As that development progresses, players coming up through the academy system will get an infusion of structure to add to their skills – and more opportunities to take the game beyond the scholastic and amateur-league scenes that have blossomed across the region.
“Soccer's one piece,” Vermes said. “But it's 'What does it take to be a professional player?' It's the everyday – technical, tactical, physical, psychological – it's all of that stuff, and it's all within our culture, our ethos of who we are."
Cotton said those players can also benefit by taking those big steps close to home.
“As we saw with some of the players who came from as far afield as Garden City, it's difficult to be that young and be away from your family,” he said. “You see it in Europe and Mexico, places like that, but it's a different world in America, obviously. The family structure, high school, things like that, are a little more ingrained.
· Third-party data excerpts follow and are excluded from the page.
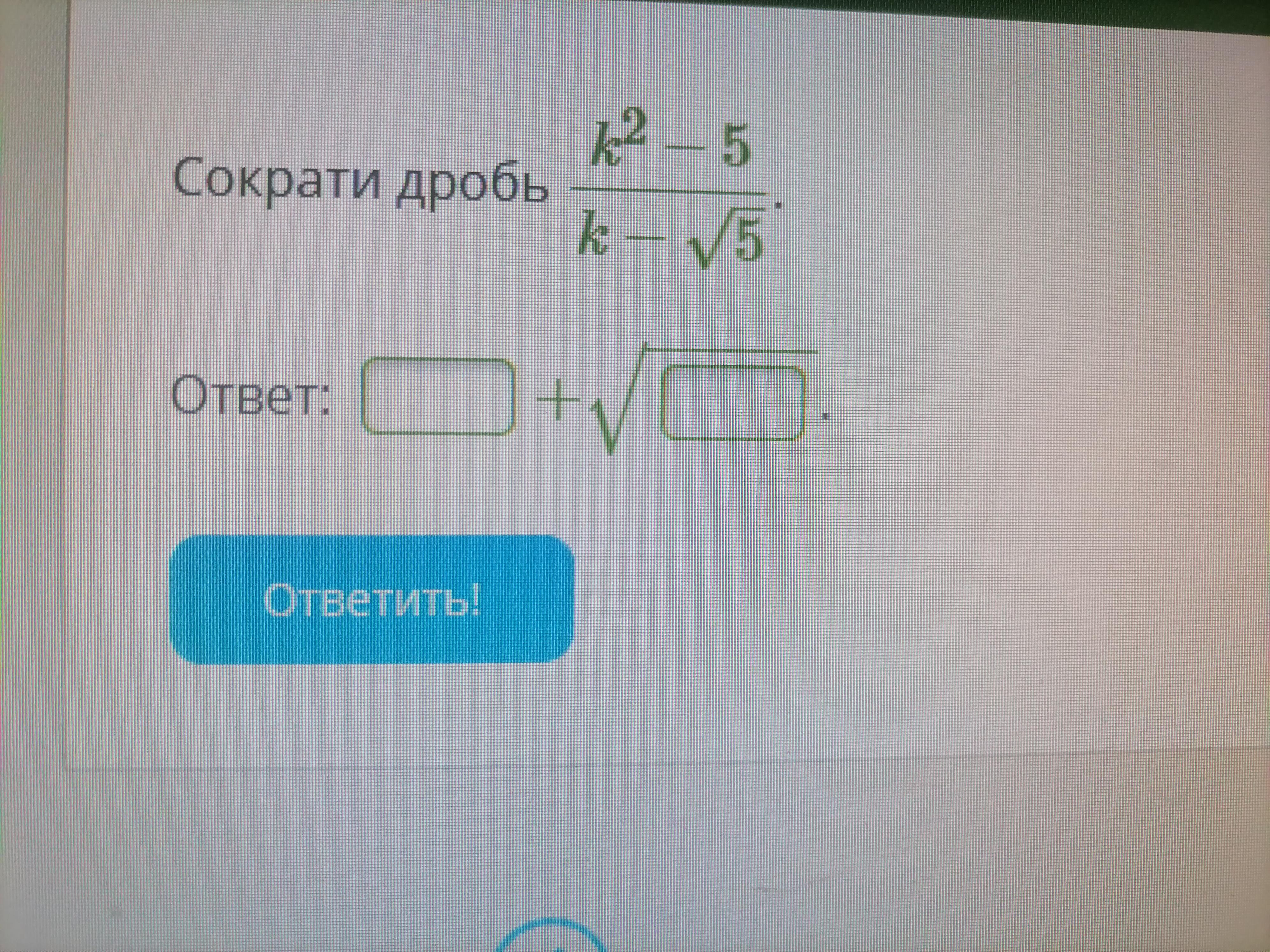 Сократи дробь: k^2-5/k-5 в корне
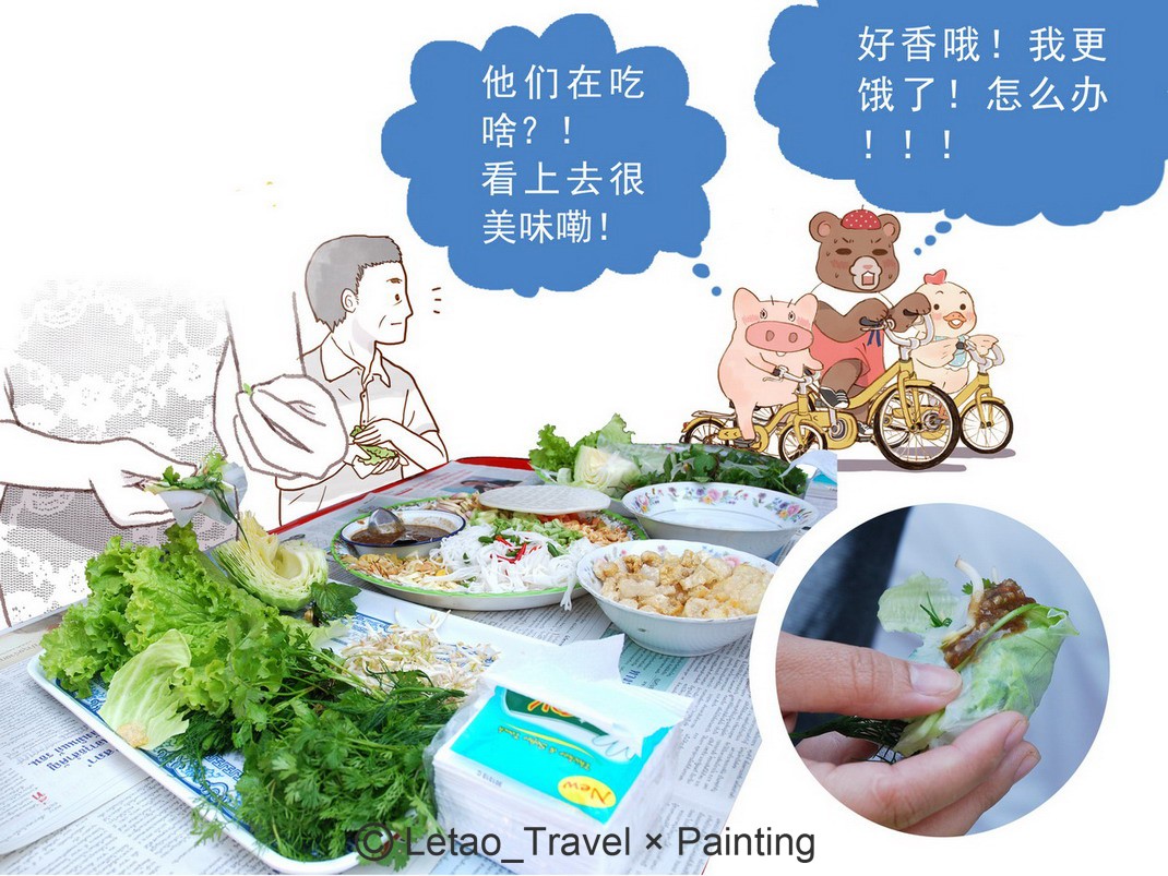 而我们仨真的厚着脸皮接受了邀请!因为“老挝春卷”看上去实在太诱人……肚子又实在太饿……
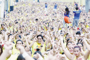 万人齐跳尊巴舞 7月19日,在菲律宾曼达卢永市,爱好者共舞尊巴。当日,12975名爱好者齐聚曼达卢永市共跳尊巴健身舞,刷新了吉尼斯世界纪录。
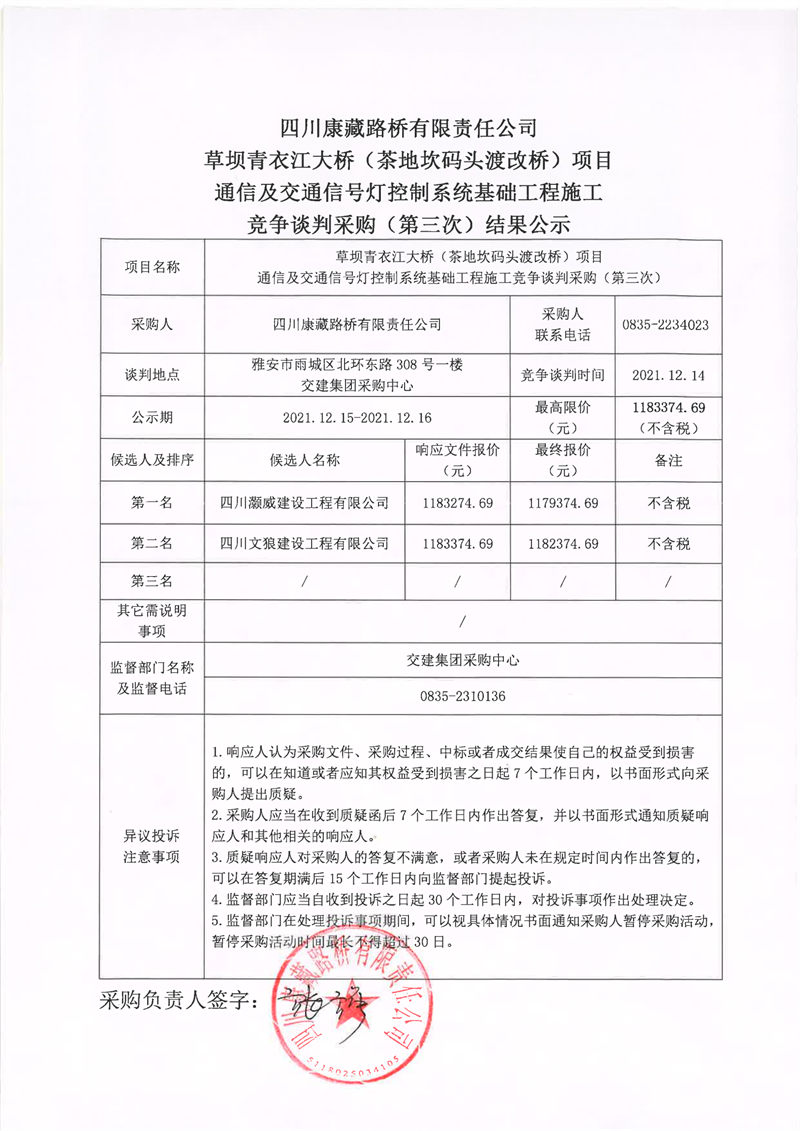 四川康藏路橋有限責(zé)任公司草壩青衣江大橋(茶地坎碼頭渡改橋)項(xiàng)目通信及交通信號(hào)燈控制系統(tǒng)基礎(chǔ)工程施工競(jìng)爭(zhēng)談判采購(gòu)(第三次)結(jié)果公示

So to provide facilities where they live, where these players live, is kind of the goal.
"I'd love to see some of these kids come up to the Sporting Academy at 15, 16, 17 years old, but if they're not quite there yet, the PDL route, the USL affiliation with Oklahoma City, all of those things provide a vertically integrated structure that's nothing but positive for them.”
There's no firm timetable for the PDL club's launch, Cotton said, with that depending on how quickly an investment group can put things together. But in the meantime, Sporting are moving forward with development plans for their part of the STAR bond district.
Korb Maxwell, Sporting's lead attorney on the project, told MLSsoccer.com by phone that the STAR bond district has been approved by both the city and state and now Sporting are working on the details of the project proposal itself.
“What type of facilities? What type of fields? What pieces of equipment?” Maxwell said. “What are our costs? What are our construction estimates for it? What piece of land does it go on? All of those are types of things that we need to answer internally and come up with our proposal.”
That plan then must be approved by Garden City and state officials before STAR bonds can be issued.
One key element of the plan, Maxwell said, “is to make sure there is committed and dedicated local ownership to this, and local ownership that would support the PDL team and be part of that.”
Sporting hope to have the internal work done by the end of spring, he said, and to present it to city and state officials and potential owners this summer.
“In general, we just want to expand soccer in the region,” Heineman said. “This is a community that's been very active and aggressive in trying to do that with us, so I think it'll be a really cool thing.”
Steve Brisendine, a native of Liberal, Kansas, covers Sporting Kansas City for MLSsoccer.com.